Audio file to text?

Status
Not open for further replies.

snoack321

Member
Joined
May 4, 2022
Messages
25
Reaction score
6
Location
Pleasanton, CA
Is there a proscan add on or other software you can add to convert audio files to text to stream host on web server? Thanks in advance.
 

a417

Active Member
Joined
Mar 14, 2004
Messages
4,665
Reaction score
3,530
can you describe your use-case a little better? There are many ways to skin a cat, but I don't want you to be led down a dark and windy road that could end up in misery.
 

snoack321

Member
Joined
May 4, 2022
Messages
25
Reaction score
6
Location
Pleasanton, CA
LOL didn’t mean to be opaque. I finally figured out a file saving hierarchy that helps me find a audio file that contains something pertinent to my neighborhood. But it’s still an audio file and would greatly help me share information with neighborhood if I had a transcript (70% accurate) of the event. A bit wordy but that’s the use case. I’ve tried several apps and online services but thus far but none appear to be remotely useful (InqScribe, Otter.ai, Ibm Watson). TIA scott
 

KD0TAZ

Member
Joined
Dec 26, 2010
Messages
334
Reaction score
16
Location
Kansas
Radio transcription is pretty awful with off the shelf speech recognition products. I've tried a few and it really doesn't work at all . Personnel tend to talk fast and their jargon confuses it (regular speech-to-text models are designed to interpret standard conversational or dictated speech which doesn't include 10-codes, phonetic spellings, lots of last names, street names, etc). There is a guy who is using AI and training models to enhance it, but it's still not there yet.
 

xicarusx

Member
Feed Provider
Joined
Oct 2, 2008
Messages
116
Reaction score
84
Location
Sayre, PA
So I saw this post the other day and decided to give it a shot myself. Yea its not perfect, and its can be weird at times, but its kinda fun.

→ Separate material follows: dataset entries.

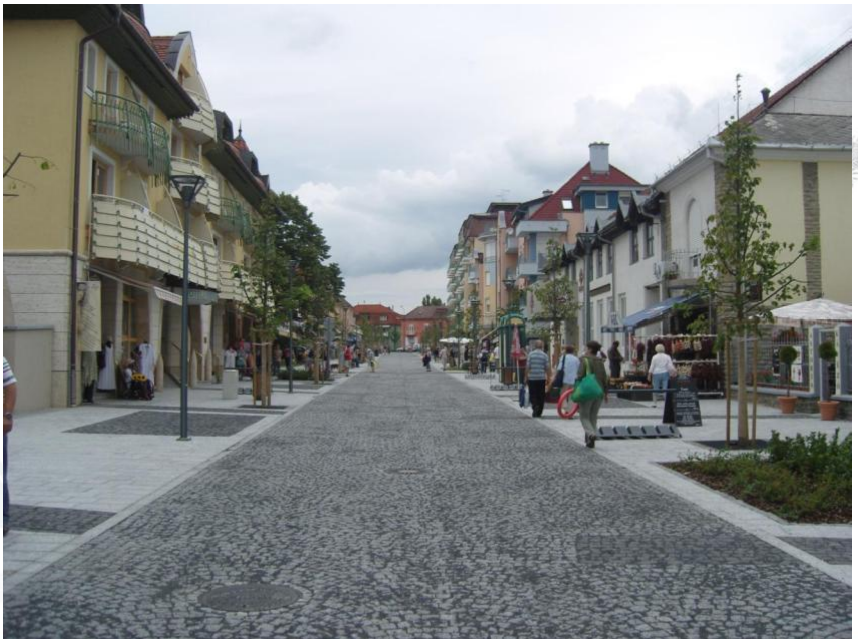
Rákóczi utca, 2010.augusztus. Zöldfelület növelő beépített ágyak: örökzöld cserje, évelők.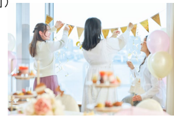
23階の開放的な養沢空間で 思い出に残るベビーシャワーに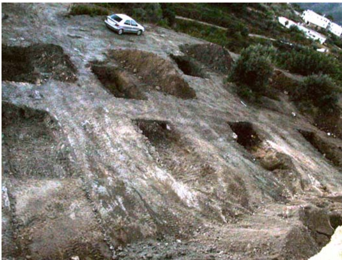
Lámina I. Vista de los cortes realizados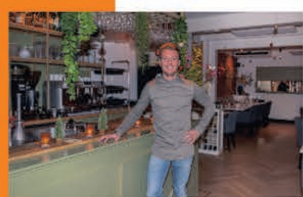
Brasserie Boudewijn J. v. Goyenstraat 31 Heemstede

ZONDAG 16 JUNI, 15.00 U. POLEN-NEDERLAND 0-1 VRIJDAG 21 JUNI, 21.00 U. NEDERLAND-FRANKRIJK 1-1 DINSDAG 25 JUNI, 18.00 U. NEDERLAND-OOSTENRIJK 2-0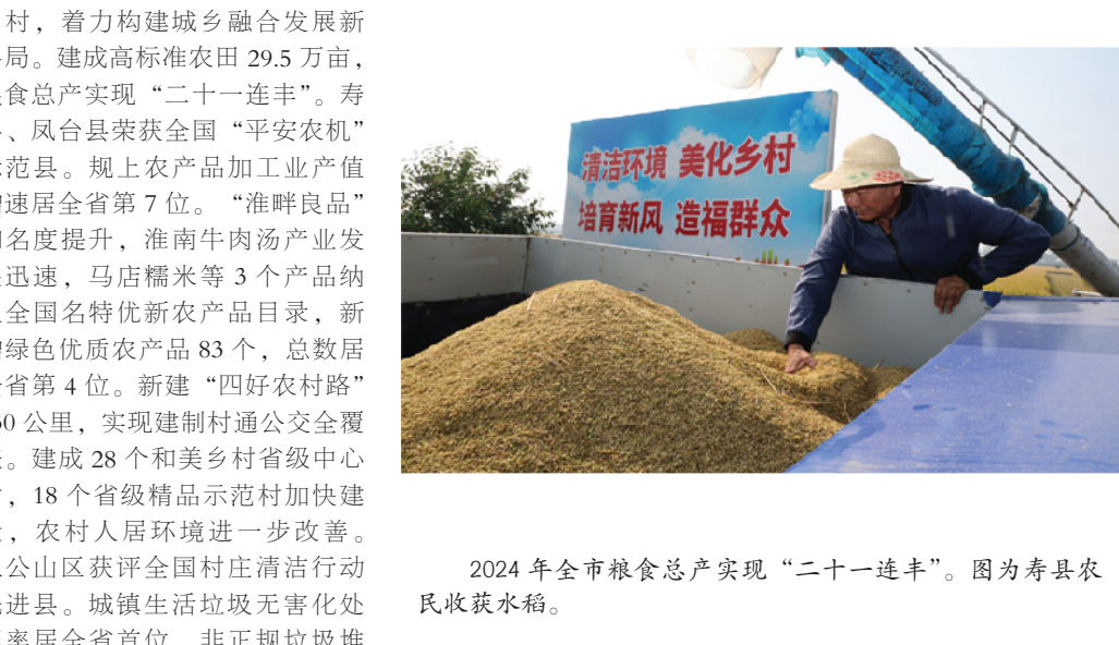
2024年全市粮食总产实现“二十一连丰”。图为寿县农民收获水稻。

My transcription from the call (Actual):
Department 21, traffic control requested, Wysox Township. In front of the Sheetz on golden mile road. For motor vehicle accident. No injuries. Wysox three on scene.


The softwares transcription of the call:
Department twenty one, traffic control requested. Wisex Township. In front of the sheets and the golden mile road. Front motor vehicle exit. No injuries. Wisex three n c.
 

xicarusx

Member
Feed Provider
Joined
Oct 2, 2008
Messages
116
Reaction score
84
Location
Sayre, PA
What software did you use for this xicarusx?

I used Python and an API called Deepgram. Example script below... you will need a deepgram API key which is free and will allow you to transcribe 200 hours of audio before you need to pay. I have found the phone call model works best, and enhanced tier gives even better results.

Python:
import asyncio
from deepgram import Deepgram

deepgram_api_key = '' # insert your api key here
path_to_file = '/home/pi/audio/Litchfield_26_2022_07_29_13_23_26.mp3' # Absolute path to file
file_mime_type = 'audio/mp3' # Mimetype of the file Examples: 'audio/wav' 'audio/mp3'

async def main():
    # Initializes the Deepgram SDK
    dg_client = Deepgram(deepgram_api_key)
    
        with open(PATH_TO_FILE, 'rb') as audio:
        source = {'buffer': audio, 'mimetype': file_mime_type}
        # settings options to include puncuation phonecall model and enhanced tier
        options = {'punctuate': True, 'language': 'en', 'model': 'phonecall', 'tier': 'enhanced'}
        
        response = await dg_client.transcription.prerecorded(source, options)
        transcript = response["results"]["channels"][0]["alternatives"][0]["transcript"]
        if transcript:
            print(transcript)
        else:
            print("No Transcription")
            
asyncio.run(main())

Example of a recent call:
Dispatch Audio: https://bcfirewire.com/audio/Litchfield_26_2022_07_29_13_23_26.mp3
Transcription: "Apartment twenty six. Curt Valley m Mass and Rescue Lakeville Township near the intersection of Riverside Drive in Park Hollow Road for working vehicle fire."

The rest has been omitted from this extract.